KHARTOUM: Des frappes aériennes et tirs d'artilleries ont secoué samedi la capitale soudanaise où l'ambassade du Qatar a été saccagée par des hommes armés, illustrant le chaos qui règne désormais dans le pays après plus d'un mois de guerre.
Des habitants de la capitale ont fait état à l'AFP de "frappes aériennes" de plus en plus violentes faisant même "trembler les murs des maisons".
Ignorant les appels à la trêve, l'armée, dirigée par le général Abdel Fattah al-Burhane, et les paramilitaires des Forces de soutien rapide (FSR), du général Mohamed Hamdane Daglo, s'affrontent pour le contrôle des lieux stratégiques et de pouvoir.
Des bombardements ont lieu près du siège de la télévision publique, ont rapporté d'autres témoins, tandis que les deux camps continuent de revendiquer des victoires sur les réseaux sociaux et les médias.
Depuis leur début le 15 avril, les combats ont fait près d'un millier de morts et plus d'un million de déplacés et de réfugiés.
Alors que les négociations pour une trêve humanitaire piétinent, le général Burhane a nommé trois de ses fidèles au sommet de l'armée, limogeant vendredi le général Daglo de son poste d'adjoint au Conseil de souveraineté et nommant à sa place Malik Agar.
Armée «unifiée»
Cet ancien rebelle qui avait signé en 2020 la paix avec le pouvoir de Khartoum a annoncé samedi dans un communiqué au ton rassembleur, vouloir "arrêter la guerre et s'asseoir à la table des négociations".

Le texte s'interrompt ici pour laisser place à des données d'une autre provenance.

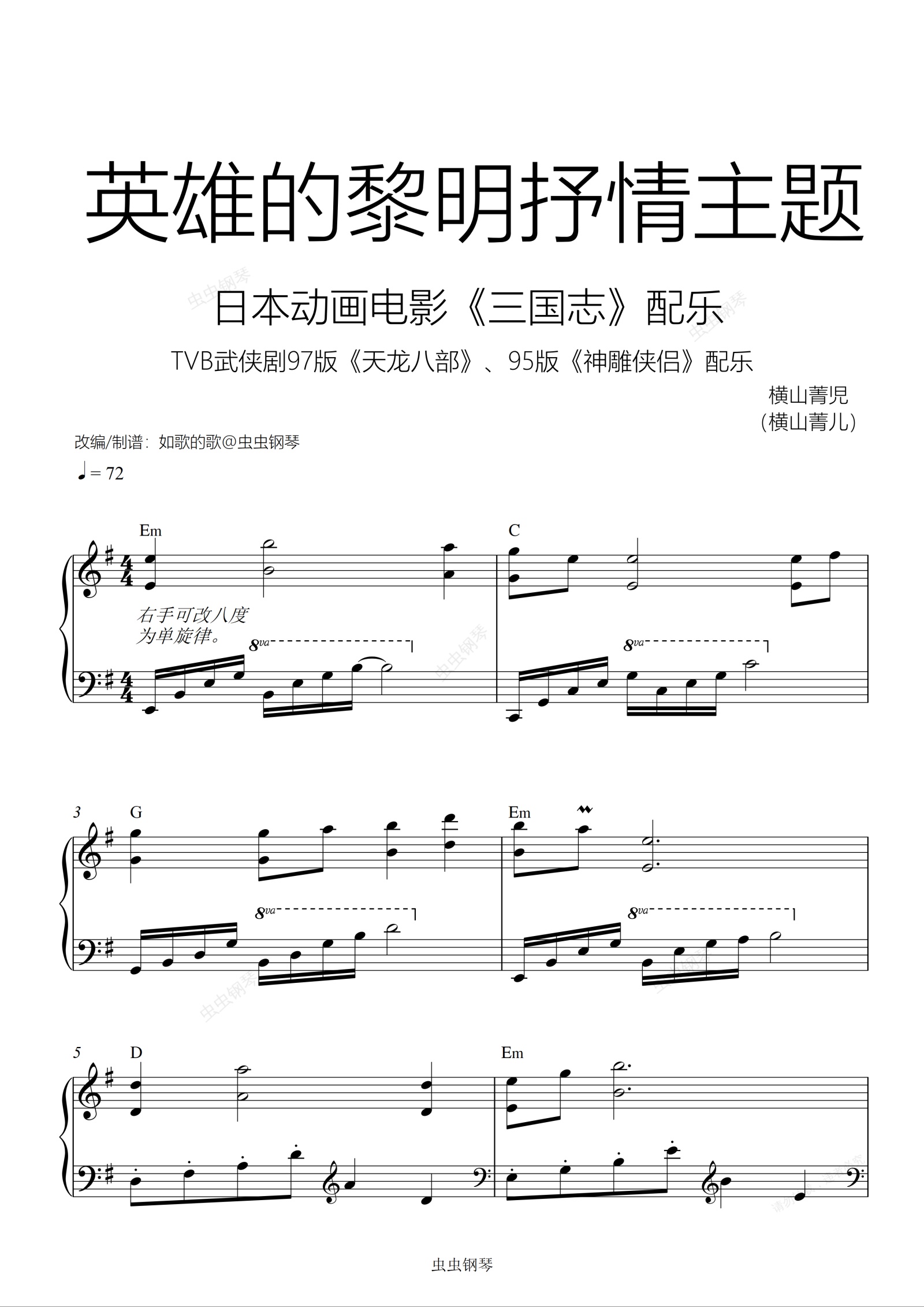钢琴谱:英雄たちの夜明け-动漫三国志ost,TVB御用配乐
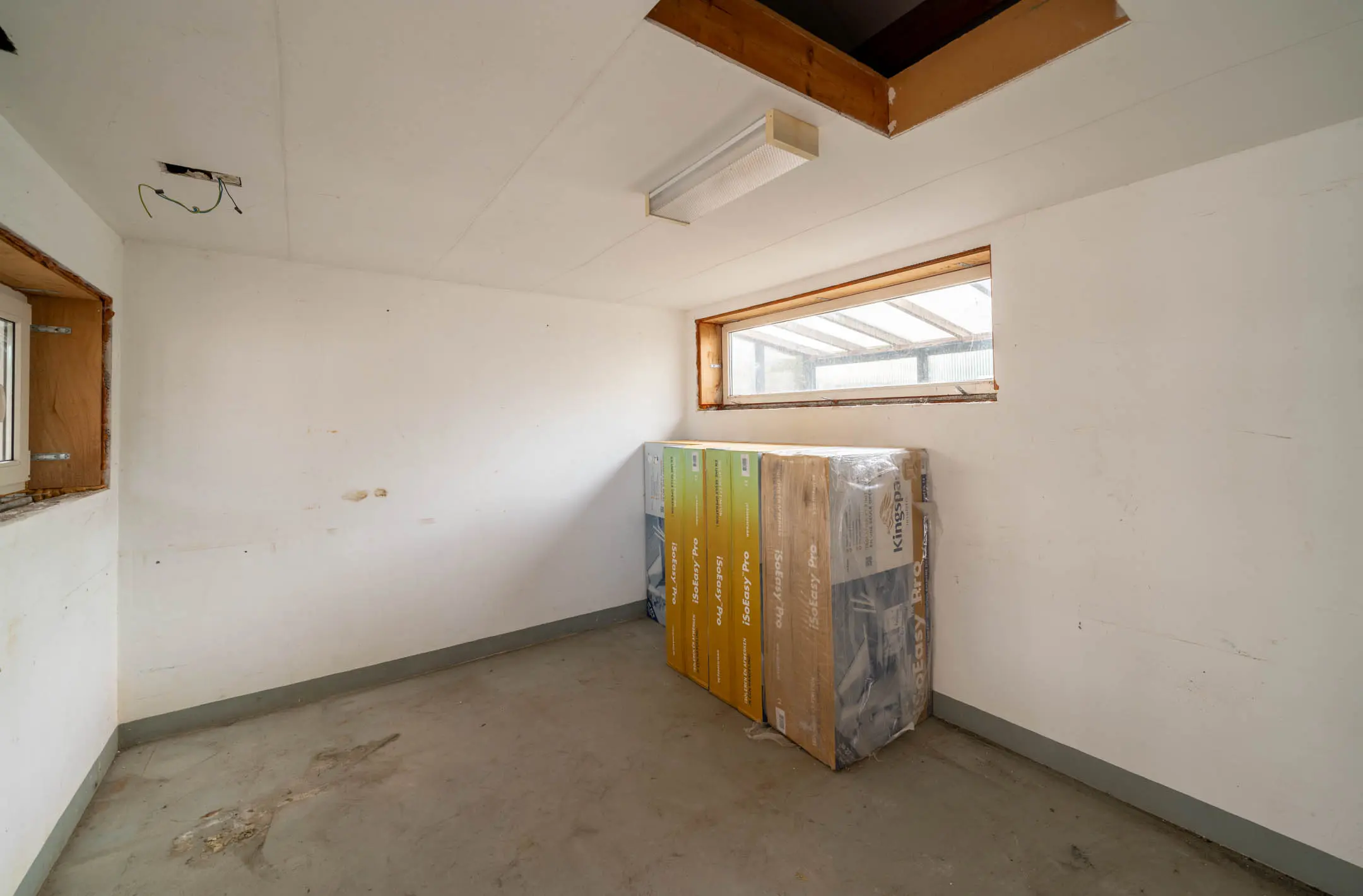 Via een vlizotrap op de overloop is de bergzolder bereikbaar. Deze strekt zich uit over de volledige breedte van de woning en biedt volop bergruimte. Hier bevindt zich ook de CV-ketel (2012).
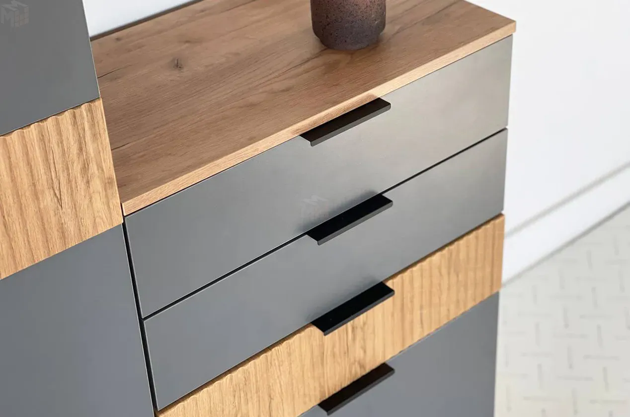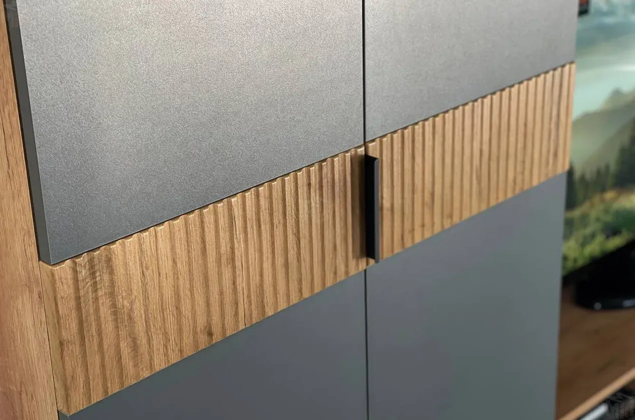 Стенка в гостиную Бери дуб крафт золотой/графит

"La stabilité du Soudan ne pourra être rétablie que par une armée professionnelle et unifiée", a-t-il indiqué en s'adressant au général Daglo.
C'est l'intégration des FSR dans l'armée qui a sonné le glas de l'union entre le général Burhane et le général Daglo, depuis le putsch de 2021, lors duquel ils avaient évincé ensemble les civils du pouvoir.
La lutte entre les deux hommes pour le pouvoir a fait plonger le Soudan dans le chaos. Des témoignages d'occupation de logements, de pillages et autres exactions se multiplient et les représentations diplomatiques n'ont pas été épargnées.
Samedi encore, le ministère soudanais des Affaires étrangères a accusé les "milices des FSR" d'avoir attaqué, vandalisé et pillé l'ambassade du Qatar à Khartoum, emportant ordinateurs et véhicules.
Khartoum avait déjà accusé les paramilitaires d'avoir attaqué des chancelleries évacuées: "les ambassades d'Inde et de Corée, le bureau culturel saoudien, la résidence des diplomates suisses et une section consulaire turque".
L'attaque n'a pas fait de victime, selon Doha qui avait déjà évacué le personnel de l'ambassade. Le ministère qatari des Affaires étrangères a dénoncé l'attaque , affirmant que son ambassade a été "prise d'assaut et vandalisée" par des "forces armées irrégulières".
Selon les experts, les deux généraux rivaux, sûrs de pouvoir l'emporter militairement mais jusqu'ici à forces égales, ont fait le choix d'une guerre longue plutôt que de concessions à la table des négociations.
Aides d'urgence
Si l'espoir d'une paix s'amenuise jour après jour, les initiatives régionales se multiplient pour parvenir à une trêve humanitaire.
Après avoir rencontré le président sud-soudanais à Juba mercredi, l'envoyé spécial du général Daglo s'est rendu à Kampala samedi où il a rencontré le président ougandais, d'après un communiqué des FSR.
L'émissaire de l'ONU pour le Soudan, Volker Perthes, resté dans le pays, s'est envolé samedi pour New-York où il doit s'adresser lundi au Conseil de sécurité.
Plus d'un Soudanais sur deux a besoin d'aide humanitaire, l'ONU a annoncé débloquer 22 millions de dollars d'un fonds d'urgence de l'ONU pour aider les Soudanais ayant fui vers les pays limitrophes.
Près d'un quart de cette somme sera utilisée pour répondre aux besoins des plus de 110.000 personnes ayant fui vers l'Egypte, grand voisin du nord, frappé par une grave crise économique.
Dans la région du Darfour (ouest) frontalière du Tchad, les combats "ont fait 22 morts" entre jeudi et vendredi et de "nombreuses familles ont dû fuir les obus qui tombaient sur leurs maisons" à Nyala, chef-lieu du Darfour-Sud, s'alarme l'ordre des avocats du Darfour.
Alors que les pays voisins redoutent une contagion, les Etats-Unis ont annoncé vendredi une aide de 103 millions de dollars en faveur du Soudan et des pays limitrophes pour faire face à la crise humanitaire.